Paketdigital.com – JAKARTA – Wakil Sekretaris Jenderal Majelis Ulama Indonesia (MUI) Ikhsan Abdullah menilai rencana Kementerian Keuangan (Kemenkeu) yang akan memungut pajak judi online (judol) tidak ada pantas. Apabila pemerintah memungut pajak menghadapi judi online identik artinya dengan pemerintah melegalisasi perjudian online.
“Judol yang tersebut harusnya diberantas sampai akarnya tidak malah dipunguti pajak dikarenakan dengan dipungut pajak berarti menteri keuangan sedang berencana untuk melegalisasi judi online,” ujar beliau pada pernyataannya, dikutipkan Rabu (30/10/2024).
Menurutnya rencana yang disebutkan bertentangan dengan nilai-nilai sosial, keagamaan juga kepentingan masyarakat. Sebab itu, rencana yang dimaksud perlu dipertimbangkan.

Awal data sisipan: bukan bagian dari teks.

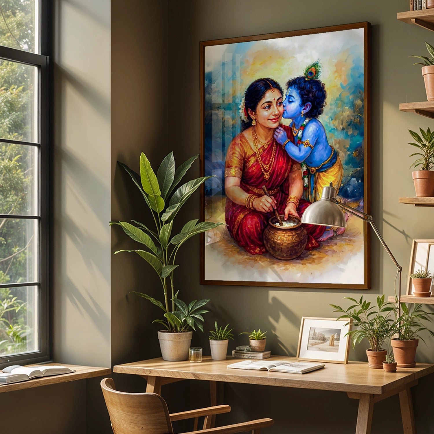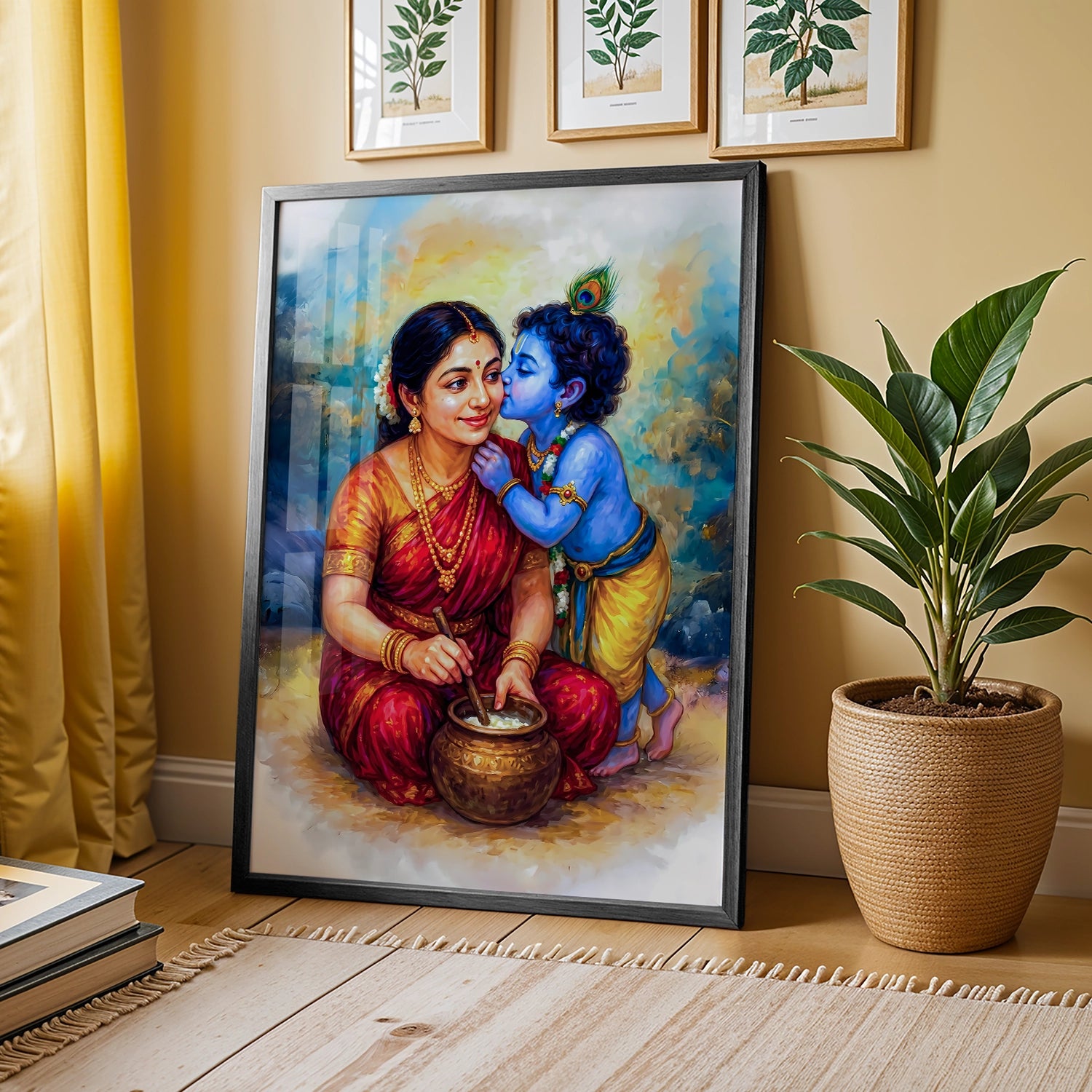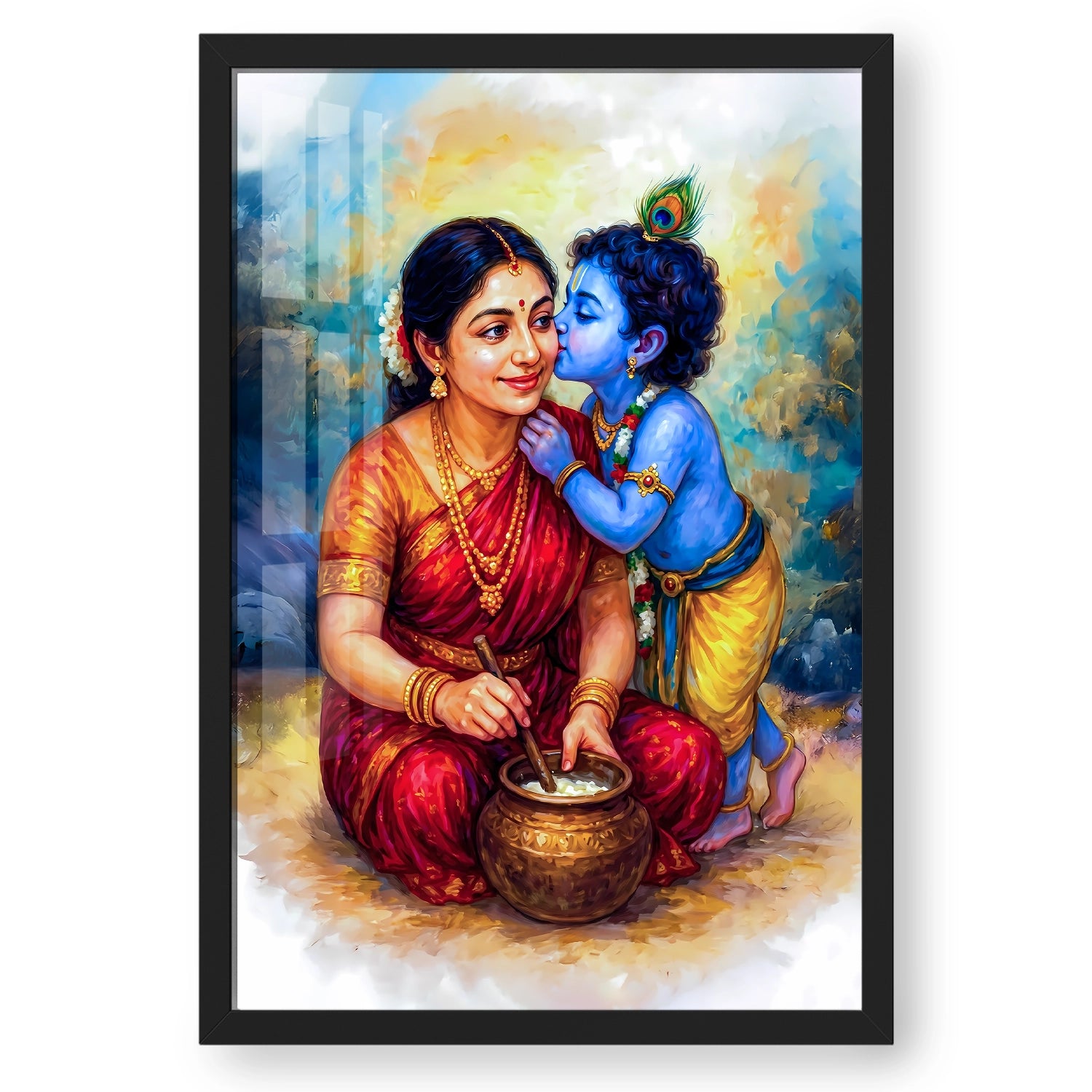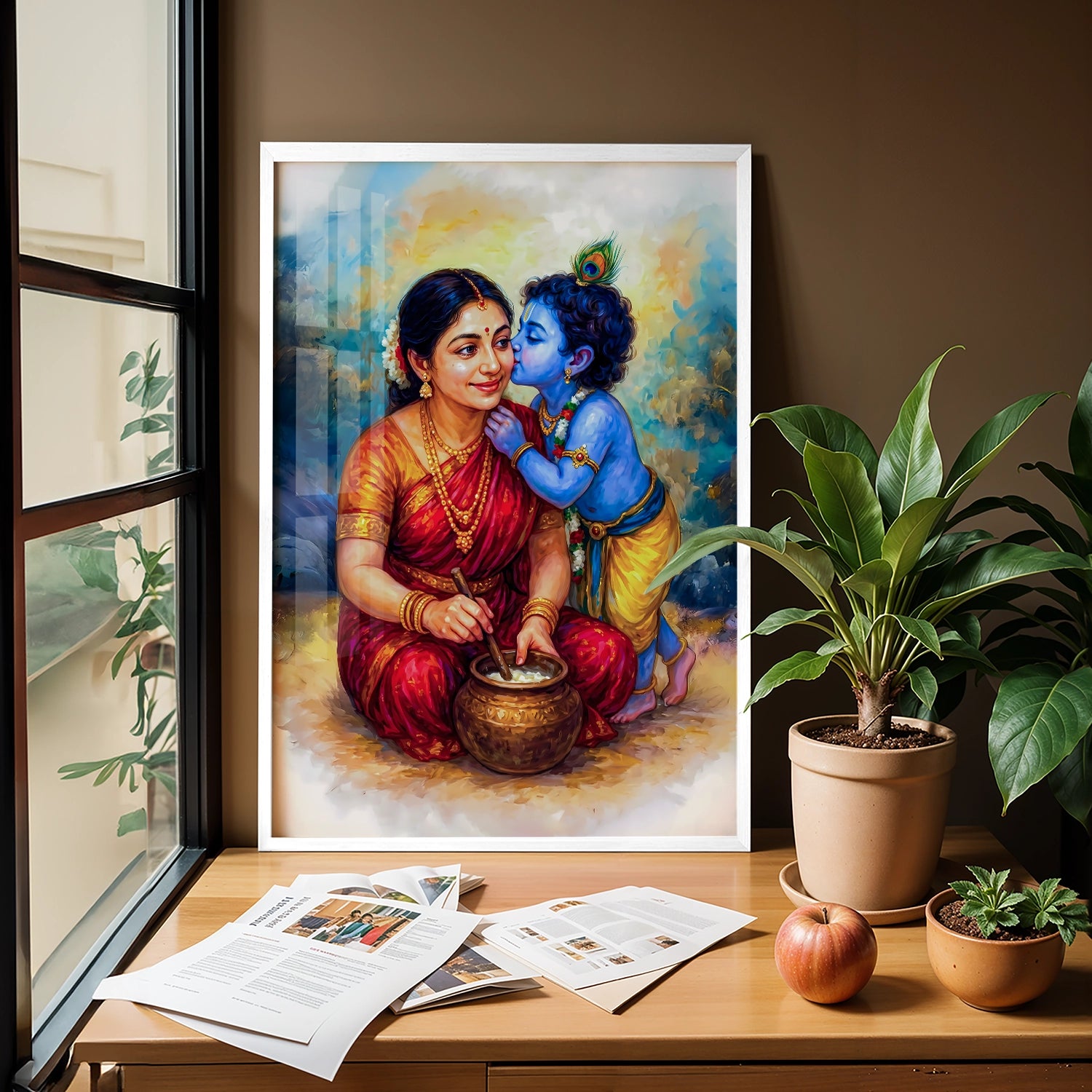 Bring home the purest form of love and devotion with this exquisite Yashoda Maiya & Bal Krishna devotional artwork. This painting captures a timeless moment where divine innocence meets unconditional motherhood—Krishna’s gentle kiss on Yashoda’s cheek symbolizes protection, warmth, and eternal bonding. Every brushstroke radiates peace, making this artwork not just décor, but a spiritual presence in your space.

“Mengapa judol itu harus di dalam berantas tidak di dalam legalisasi sebab lebih besar dahsyat memberikan mudharat ketimbang hasil pungutan pajak. otoritas dan juga kita semua tidaklah akan mampu merehabilitasi kehancuran yang besar yang digunakan ditimbulkan oleh judi online. Dampaknya luar biasa,” ujar dia.
Dia menandaskan, pada waktu ini judi online berkembang pesat kemudian negara tidak ada mampu mengontrol. Apalagi jikalau dipungut pajak pertumbuhannya akan sangat pesat.
“Bisa di area prediksi kehancuran moral juga nilai-nilai sosial akan lebih lanjut cepat terjadi dan juga negara tidaklah akan dapat untuk mengatasinya,” jelasnya.
Pihaknya memohon agar Kementerian Keuangan (Kemenkeu) lebih besar kreatif untuk menggali sumber dana untuk menambah pemasukan negara, bukan hanya sekali mengandalkan pungutan pajak dari warga yang pada waktu ini sudah ada sangat berat, apalagi dari judi online. Pertama, pemerintah harus mampu menciptakan sumber-sumber pendapatan masyarakat, menguatkan perekonomian publik agar penerimaan negara dari sektor pajak dapat tercapai.
Kedua, penikmat prasarana keringanan pajak (tax allowance) yang dimaksud selama ini dinikmati oleh para pengusaha perusahaan besar segera pada akhiri serta mereka bisa saja dipersamakan dengan pembayar pajak seperti rakyat biasa. Sehingga perlakuan equal atau keadilan yang tersebut dilaksanakan oleh negara terhadap rakyatnya terjadi sesuai dengan prinsip-prinsip konstitusi.
“Jangan sampai terjadi satu anggapan yang dimaksud ketika ini tercipta pada masyarakat, yaitu bahwa pelaku bisnis besar membayar pajak lebih besar kecil ketimbang rakyat biasa. Sehingga rakyat yang jumlahnya besar merasa ada perlakuan yang tak adil, sehingga menurunkan kesadaran rakyat untuk membayar pajak,” ujar Ikhsan.